═════ COLLECTED MATERIAL

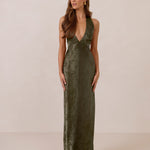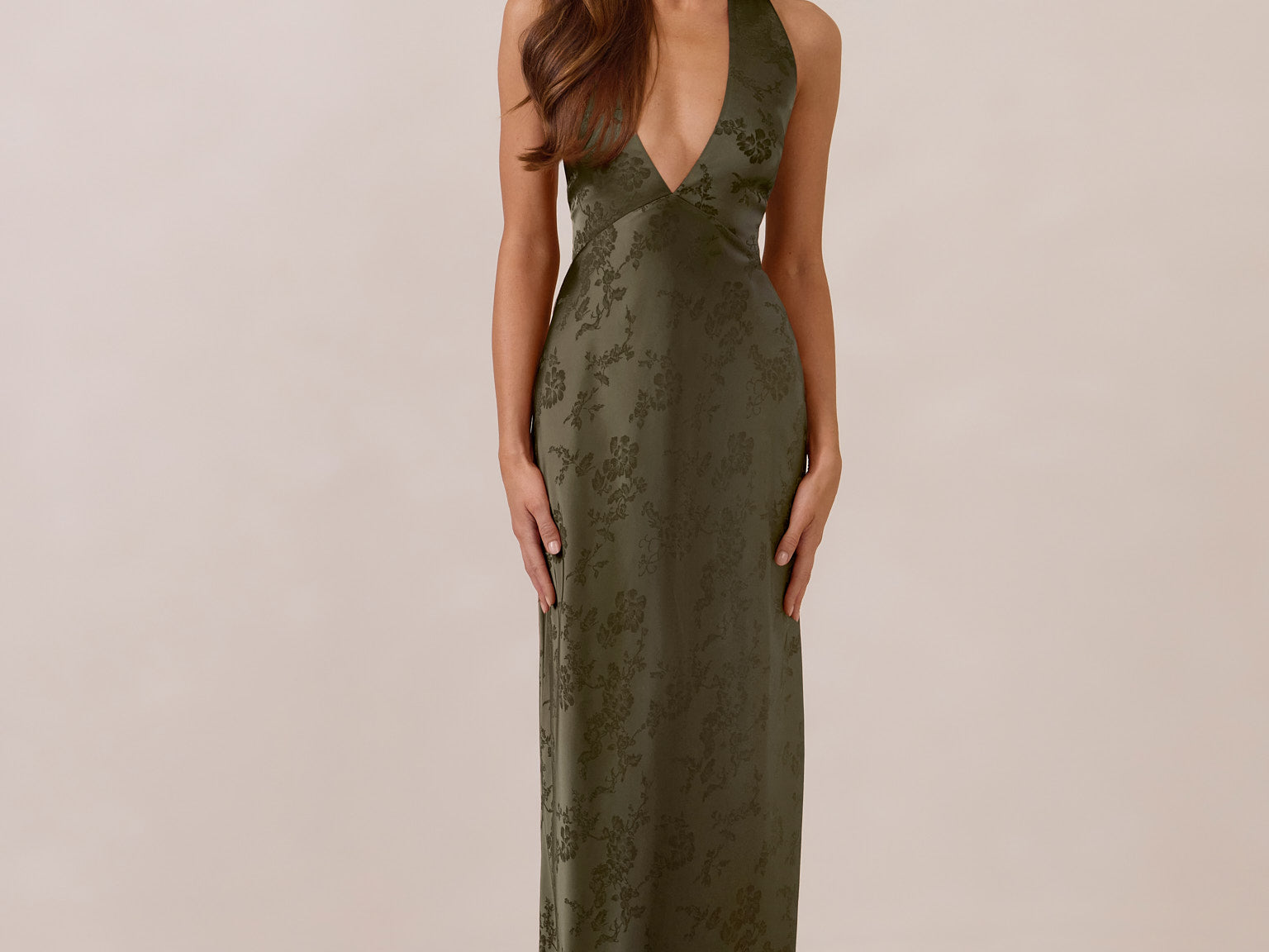 A sleek and versatile silhouette crafted in luxurious Jacquard for a touch of texture and sophistication. Designed for effortless elegance, it features a halter neckline with a dramatic open back and long ties that can be styled as a scarf or knotted for a custom halter look. The bias-cut skirt flows beautifully into a flattering maxi length, creating graceful movement with every step.
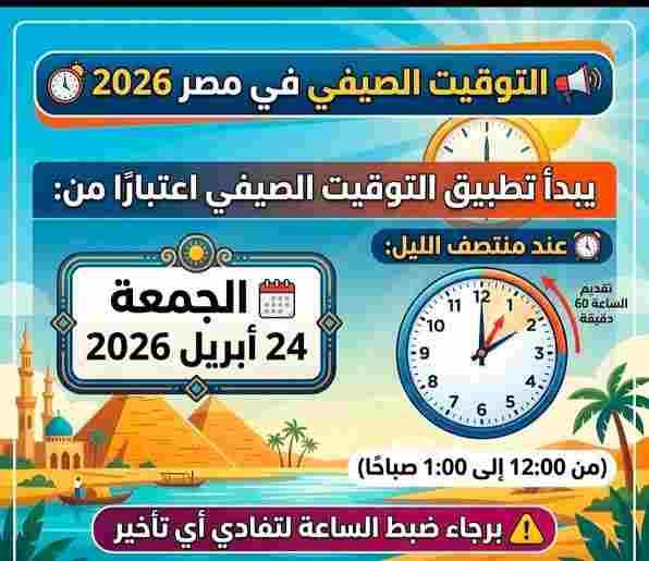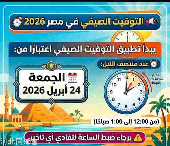 【温馨提示】2026年埃及夏令时确定 4月24日零时起时钟拨快1小时埃及政府依据2023年第24号总统批准法律,正式确定2026年夏令时具体实施时间,将于2026年4月24日启动。根据法律安排,时钟调整将在4月23日至24日午夜00:00进行,时间向前拨快1小时,直接变为01:00。按照现行法律规定,埃及夏令时固定为每年4月最后一个星期五开始,至10月最后一个星期四结束。实行夏令时主要为充分利用日照时间、节约能源消耗、优化工作与生活作息效率,是埃及国家能源管理与资源优化的重要举措。编译:马广辉(慕德中埃贸易公司董事长、埃及中华总会副会长、中埃网副主编、慕德经贸研习社主理人)本文来自网友发表,不代表本网站观点和立场,如存在侵权问题,请与本网站联系删除!
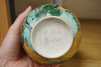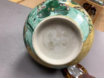 Lot 256 , A Chinese sancai-glazed bottle vase, Chenghua mark but late 19th century, 23cm
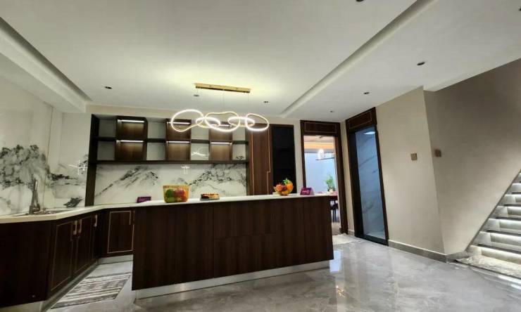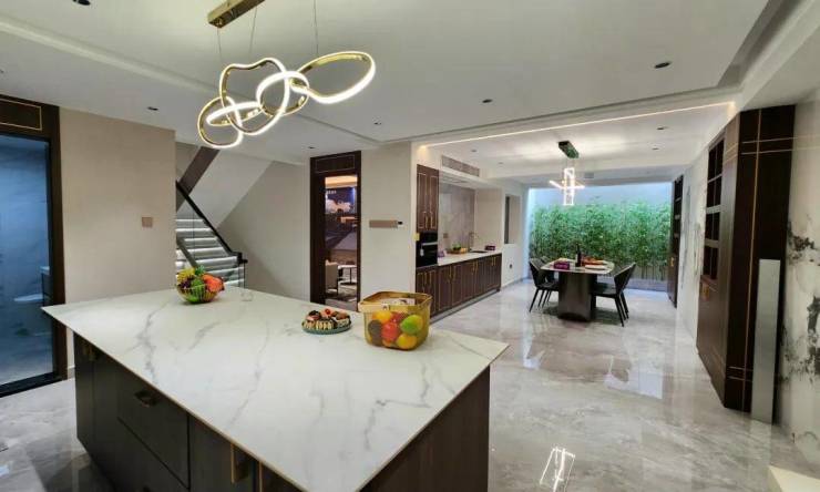 当紫阳兰亭业主穿过自家花园推开门,即可见一层约3.8米层高生活空间,客厅、餐厅与厨房一体化设计,带来的通透开阔感,彰显了主城排屋才有的气场。

══════════

__ABOUT THIS TASK__: Restate every line above exactly, omitting images.

__FINISHED EXERCISE__:
 A sleek and versatile silhouette crafted in luxurious Jacquard for a touch of texture and sophistication. Designed for effortless elegance, it features a halter neckline with a dramatic open back and long ties that can be styled as a scarf or knotted for a custom halter look. The bias-cut skirt flows beautifully into a flattering maxi length, creating graceful movement with every step.
 【温馨提示】2026年埃及夏令时确定 4月24日零时起时钟拨快1小时埃及政府依据2023年第24号总统批准法律,正式确定2026年夏令时具体实施时间,将于2026年4月24日启动。根据法律安排,时钟调整将在4月23日至24日午夜00:00进行,时间向前拨快1小时,直接变为01:00。按照现行法律规定,埃及夏令时固定为每年4月最后一个星期五开始,至10月最后一个星期四结束。实行夏令时主要为充分利用日照时间、节约能源消耗、优化工作与生活作息效率,是埃及国家能源管理与资源优化的重要举措。编译:马广辉(慕德中埃贸易公司董事长、埃及中华总会副会长、中埃网副主编、慕德经贸研习社主理人)本文来自网友发表,不代表本网站观点和立场,如存在侵权问题,请与本网站联系删除!
 Lot 256 , A Chinese sancai-glazed bottle vase, Chenghua mark but late 19th century, 23cm
 当紫阳兰亭业主穿过自家花园推开门,即可见一层约3.8米层高生活空间,客厅、餐厅与厨房一体化设计,带来的通透开阔感,彰显了主城排屋才有的气场。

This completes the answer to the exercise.